There are several levels of Grand Luxxe and counting.....  The Grand Luxxe Villa  MF are somewhere between $1600. - $1800 US / week.  Very good to have in a  contract that if an owner does not use in a particular year they do not have to pay the MF.  The units are very nice and large BUT no dishwasher for that price simply blows my mind.   Of course VIDA wants you to eat at their over priced restaurants.  IMHO not worth the high MF's.   The studio side has a nice separate sitting room with a small balcony ( but usually faces the building next to it in NV.... no real view to speak of ).  Most people do some cooking in the units and when one is there for an extended time it would be great to have a dishwasher.  .  Hope this helps!  Enjoy!


----------



## tschwa2 (Sep 5, 2014)

I thought someone comes in and washes the dishes you leave in the sink?


----------



## travs2 (Sep 5, 2014)

*Grand Luxxe MF*

Now that would be "Luxxe...ury  " if someone came in to do dishes...hahahah no such luck! You can however get coffee in the morning from the coffee cart located in the hall next to your personal concierge.  Now that would be worth $1800US/wk.


----------



## tschwa2 (Sep 5, 2014)

Then maybe it was at that Royals that they do it.  I was sure it was someplace in Mexico that they did it when they did the daily housekeeping.  In fact t I thought it was like the full service gas stations in NJ where they purposely didn't put in dishwashers to keep the dishwashing job available.


----------



## saywhat (Sep 5, 2014)

Only stayed in the GM/MP if you give a nice tip to the maids they'll be happy to do a little extra.


----------



## MuranoJo (Sep 6, 2014)

They've washed dishes for us in the MP, but we always tip daily.
I usually try to clean up but sometimes time doesn't allow.


----------



## ilene13 (Sep 6, 2014)

tschwa2 said:


> Then maybe it was at that Royals that they do it.  I was sure it was someplace in Mexico that they did it when they did the daily housekeeping.  In fact t I thought it was like the full service gas stations in NJ where they purposely didn't put in dishwashers to keep the dishwashing job available.



The Royals have dishwashers-- mechanical ones


----------



## mikenk (Sep 6, 2014)

The MF I paid for 2015 usage in the GL Villa Master Suite was $1691. Included are free golf and a couple of massages; this (golf/massages) is only for owners or direct renters (not exchangers).

Actually, unless we are taking more than 6 people, we always downgrade to the Grand Bliss to get more time.

In our experience, if you don't wash the dishes, either the day or night maids will usually do so - and we tip accordingly. 

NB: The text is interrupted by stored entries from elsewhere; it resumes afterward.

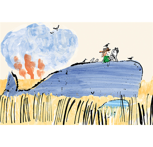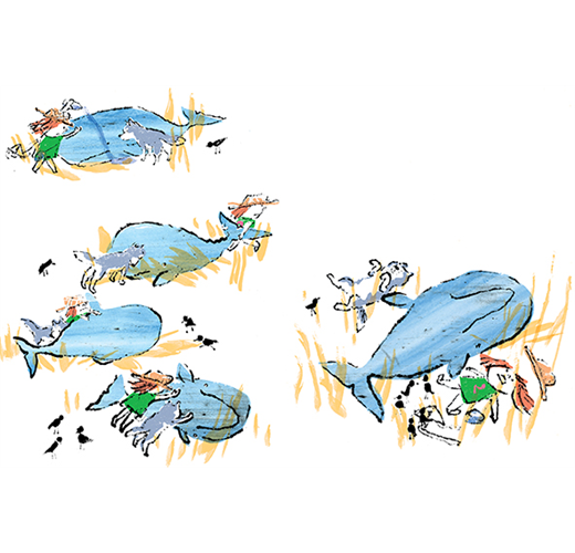 溜到陸地玩的小鯨魚,受困在草叢,小孩溜溜和小狗巧比,想辦法幫忙他回家。人類能力有限,幸好有一直在旁邊看著的群鳥來幫忙。收到訊息的鯨魚媽媽找到他們,還邀請溜溜和巧比到家裡吃點心。小鯨魚急著回家,鯨魚媽媽告訴他等風來就走。果然,風來了,草原被吹得變成一波一波的海浪,小鯨魚跟著媽媽在草浪裡游了起來,往大海的方向去。
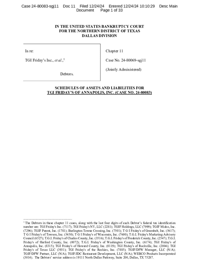 Get the free TGI Friday's Inc., et al.,1 De - Stretto
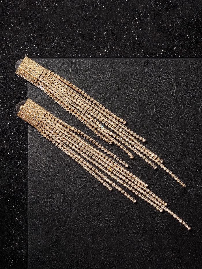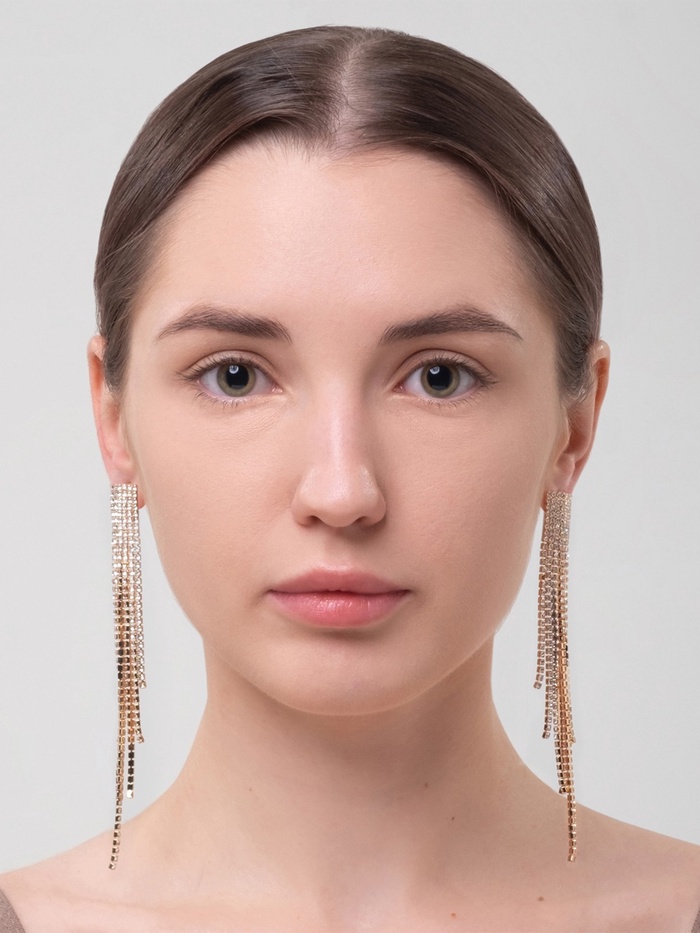 Вдохните жизнь в своё праздничное настроение с восхитительными длинными серьгами, переливающимися каскадом белых стразов на фоне мягкого золотистого покрытия. Подобно мерцающей реке света, они мягко спускаются вдоль шеи, создавая атмосферу сказочной красоты и классики одновременно.
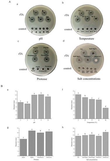 Turgencin A stability study: (A) Inhibition circle pictures corresponding to stability study. Negative control: (a) the buffer solution of different pHs, (b) the 50 mM pH 7.4 Tris-HCl solution treated at different temperatures, (c) the different protease solutions, and (d) the different salt solutions; (B) Histogram of stability study analysis, Y axis: diameter of inhibition circle. (e) Effect of pH on Turgencin A stability; (f) effect of temperature on Turgencin A stability; (g) effect of protease on Turgencin A stability; and (h) effect of salt concentration on Turgencin A stability. The same letters (a–d) indicate no significant difference between groups, and different letters indicate statistically significant differences between groups (p < 0.05) as calculated by one-way ANOVA followed by Tukey’s test.

In general, MF vary by type of contract (Loft, Tower, GLV, GL, etc) not by addenda within types (MF only if you use, golf / massages, etc). Then there are different rates if you downgrade, split time, depending on your addenda. Vida contracts are largely individualized depending on when you buy and how you negotiate.


----------



## drguy (Sep 6, 2014)

The mf for a 2 bedroom Loft unit is $2345.  Supposed to come with a butler.  We'll see about that...


----------



## mikenk (Sep 6, 2014)

drguy said:


> The mf for a 2 bedroom Loft unit is $2345.  Supposed to come with a butler.  We'll see about that...



DrGuy,

A butler?? I gotta ask. What is the butler expected to do? Lay out the swim suit you plan on wearing each day? A personal chef would be cool - not sure about a butler.

Mike


----------



## Tropical lady (Sep 6, 2014)

Love the "no pay unless use" MF.
We enjoy room service, the restaurants onsite and in town, so dish washing is not a biggie with us.  But when we do cook in, a tip thanks the staff for doing it.   Staff is 2x's per day.....bed, bathroom, general clean, and then turn down service at night and whatever you need.  Dishwasher?.....no big deal.  Just enjoy.......


----------



## tschwa2 (Sep 7, 2014)

At one resort I own at you can upgrade to a butler suite.  Butler's duties include unpacking for you, and doing any ironing you may need.  Getting dinner reservations and any other reservations for things like golf, massage, cabanas,etc.  They either have their own golf cart to drive you to other areas of the resort or will call for the shuttle so you don't have to wait.  The butler will also pick up any items you request from the resort shops or stores, like food, alcohol, etc and charge the items to your room.  It's usually two butlers for every three or four units depending on the number of people in each unit.  You have a main butler and a back up assigned.


----------



## richontug (Sep 7, 2014)

Please explain "downgrade to Bliss to get more time"

Rich



mikenk said:


> The MF I paid for 2015 usage in the GL Villa Master Suite was $1691. Included are free golf and a couple of massages; this (golf/massages) is only for owners or direct renters (not exchangers).
> 
> Actually, unless we are taking more than 6 people, we always downgrade to the Grand Bliss to get more time.
> 
> ...


----------



## mikenk (Sep 7, 2014)

richhunt said:


> Please explain "downgrade to Bliss to get more time"
> 
> Rich



If you own at the Grand Luxxe, you can split the units and use in a number of ways per a table in your contract. For example, I can trade my 1 week GL Villa for a 2 bedroom Grand Bliss suite and a 1 bedroom GB suite used together or at different times.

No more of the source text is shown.